Business models for charging electric vehicles considering grid limitations

Growing wind and solar power in the Nordic power system tighten balancing needs and strain distribution capacity; hydropower alone cannot absorb this variability. Increased adoption of electric vehicles (EVs) offers an additional balancing resource, since EVs provide a large, distributed battery resource. This research develops technical and market-based tools to efficiently use EV flexibility to balance the grid through controlled charging, ancillary services, and local congestion management. First, residential charging models with Monte Carlo simulations show that grid-aware coordination prevents overloads and substantially lowers EV-owner costs, deferring grid reinforcement. Second, a mixed integer linear programming-based aggregator-planning framework optimizes participation in ancillary-service markets under uncertainties, improving grid utilization and economics. Third, an extended review of over 100 studies synthesizes business-model innovations for EV charging and identifies gaps in degradation remuneration, revenue sharing, and stakeholder coordination.
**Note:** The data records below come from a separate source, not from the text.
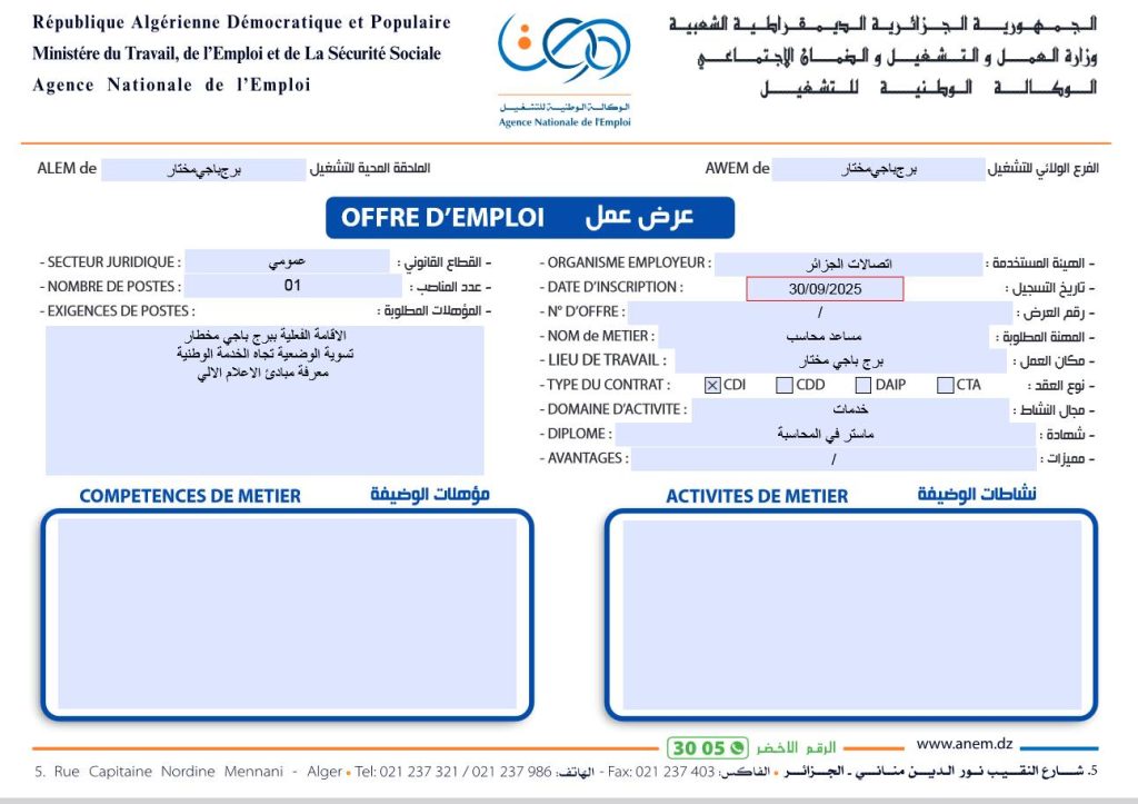 مساعد محاسب ماستر في المحاسبة CDI الإقامة الفعلية ببرج باجي مختار، تسوية الوضعية تجاه الخدمة الوطنية، معرفة مبادئ الإعلام الآلي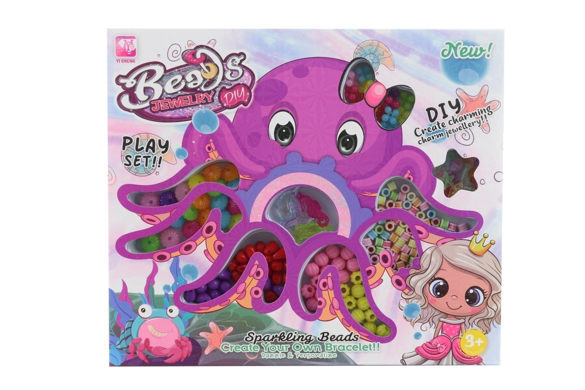 Objevte zábavu z navlékání s touto pestrou sadou plastových korálků uložených v roztomilé krabičce s chobotnicí. Sada podporuje kreativitu, jemnou motoriku a trpělivost dětí již od 3 let.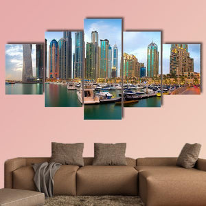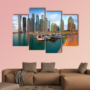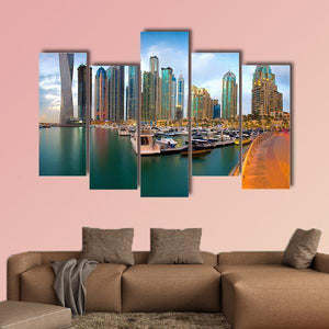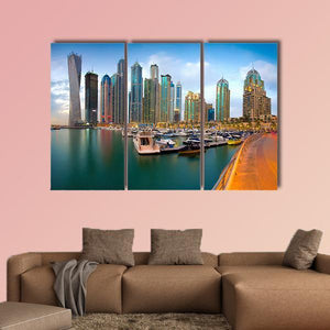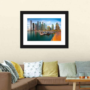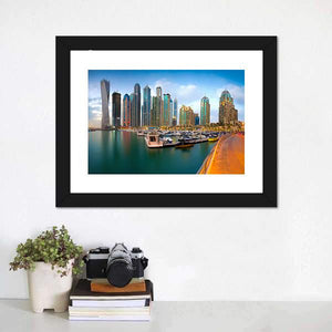 Dubai Marina Canvas Wall Art shows the Dubai Marina skyline with yachts and reflective water beside an orange waterfront pathway. The photorealistic image conveys a vibrant, modern, bustling daytime city scene. It fits well in contemporary homes and modern-style rooms like living rooms or offices.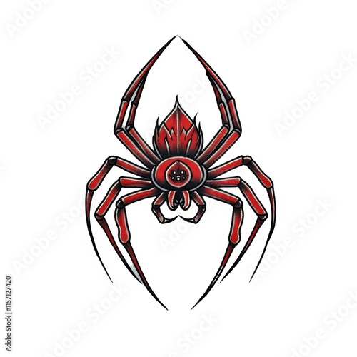 spider, red, black, graphic, design, art, illustration, creature, insect, nature, predator, anatomy, web, fang, leg, symmetry, detail, bold, vector, silhouette, venom, arachnid, creepy, crawl, wildlife, fantasy, decorative, sharp, outline, gothic, eerie, sharpness, pattern, fierce, dark, elegant, striking, menacing, unique, artistic, visual, tattoo, emblem, symbol, horror, entomology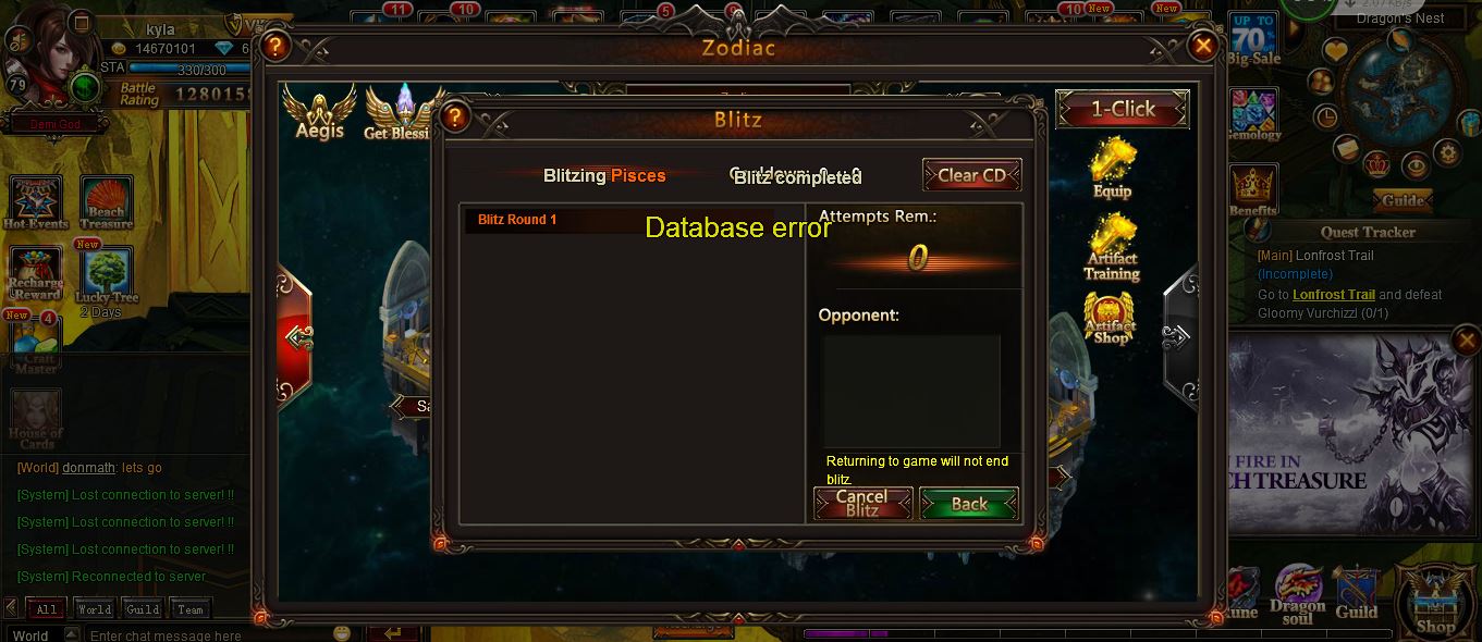 data base errorin zodiac blitz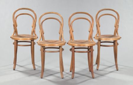 Suite of Four "Thonet"-Signed Bentwood Chairs, ca. 1900, each with a round bentwood back and concentric inset round seat, curved hip rest and cabriole legs joined by a single circular stretcher, h. 34", w. 15-1/2", d. 15". Suite of Four "Thonet"-Signed Bentwood Chairs, ca. 1900, each with a round bentwood back and concentric inset round seat, curved hip rest and cabriole legs joined by a single circular stretcher, h. 34", w. 15-1/2", d. 15".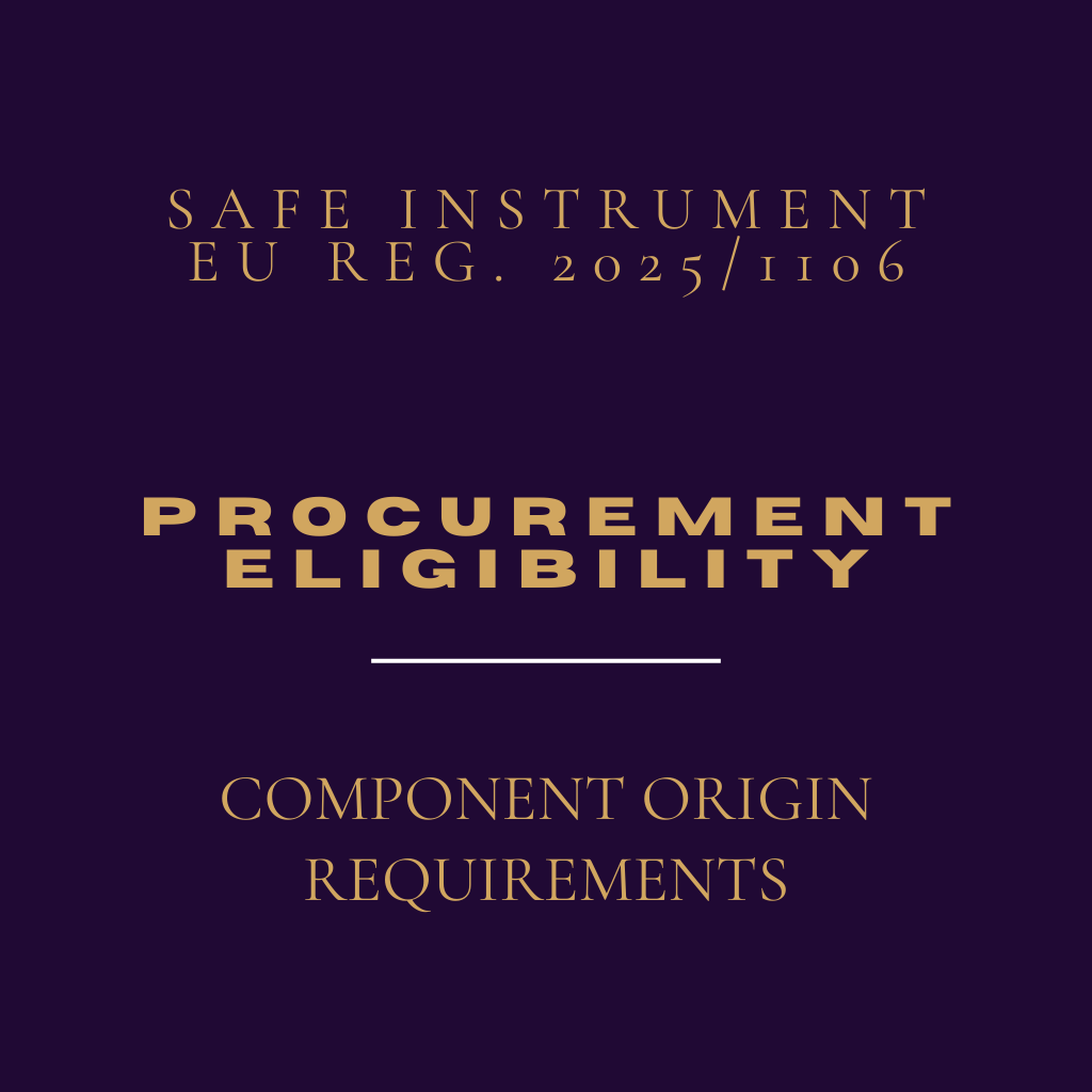 Council Regulation (EU) 2025/1106 (SAFE) imposes a formal ceiling on the share of non-European components in defence procurement contracts funded by the Union. Article 16(10) requires that components originating outside the EU, EEA EFTA states, and Ukraine account for no more than 35% of the estimated cost of the end product’s components. This clause defines a mandatory eligibility condition—not a general origin rule—for accessing SAFE loans in support of joint military procurement. The rule operates within a defined geographic perimeter and serves as an instrument to reinforce European supply chains while limiting strategic dependencies. It is applied contractually and monitored through procurement plans reviewed by the European Commission. The clause also aligns with broader EU initiatives such as EDIP and the European Defence Fund, forming part of a coherent industrial policy framework aimed at strengthening the EDTIB and mitigating exposure to third-country supply and regulatory risk.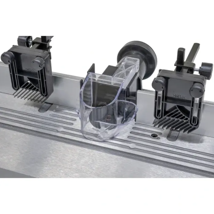 - Масивен фрезов ограничител с изход за прахоулавяне Ø100 mm, намаляващ замърсяването по време на работа.
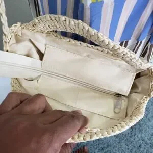 Small Beach Crossbody Rattan Straw Bag With Zipper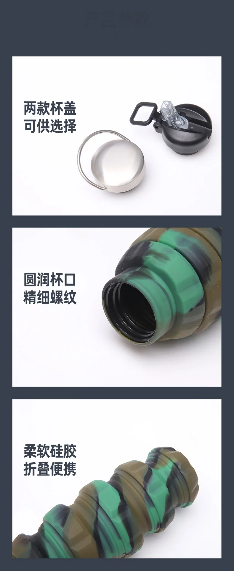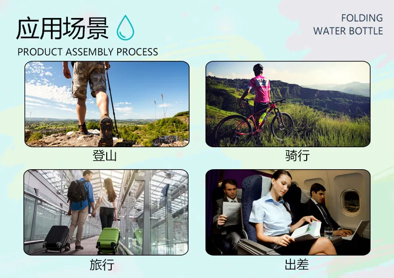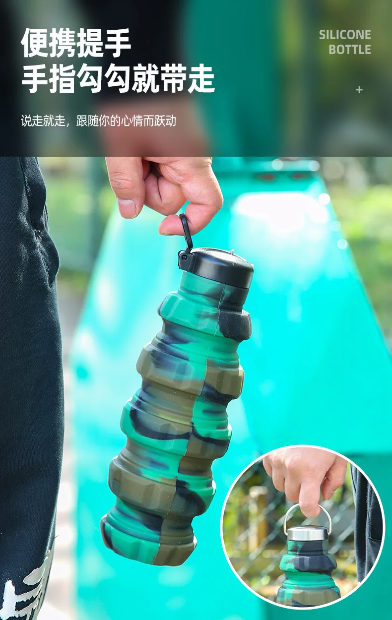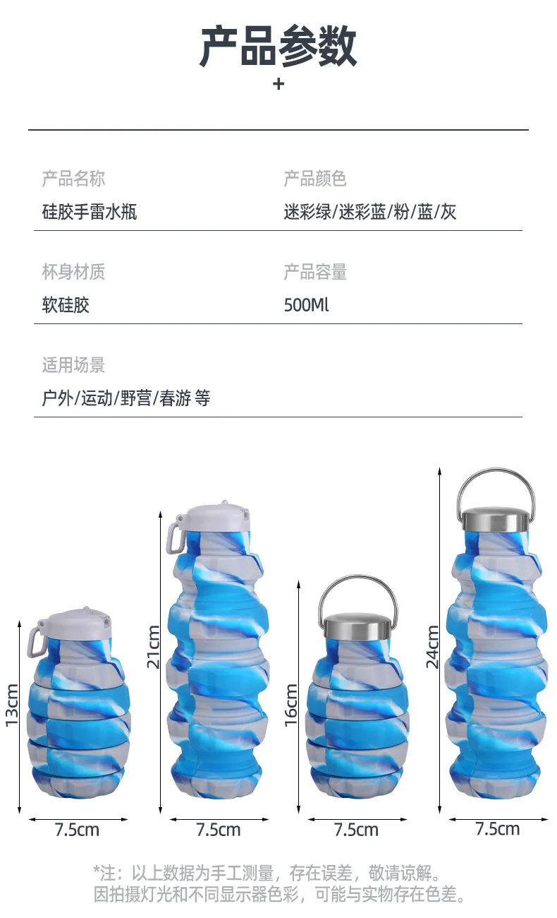 Collapsible Water Bottle, Reuseable BPA Free Silicone Foldable Bottles Portable Hiking Cup for Outdoor Mountaineering Tours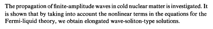 The propagation of finite-amplitude waves in cold nuclear matter is investigated. It is shown that by taking into account the nonlinear terms in the equations for the Fermi-liquid theory, we obtain elongated wave-soliton-type solutions.

Fourth, an optimization model for an energy hub that consists of battery energy storage and heavy-duty EV charging shows profitable operations within grid constraints while providing ancillary services. Finally, an aggregator planning model combining controlled charging with simplified and detailed battery degradation models achieves profitable operation and significant owner cost reductions, highlighting the need for fair degradation compensation and tariff-aligned pricing. Future work will quantify the trade-off between grid reinforcement and EV flexibility for optimal grid planning and validate the models on Swedish feeders with more realistic data and test systems.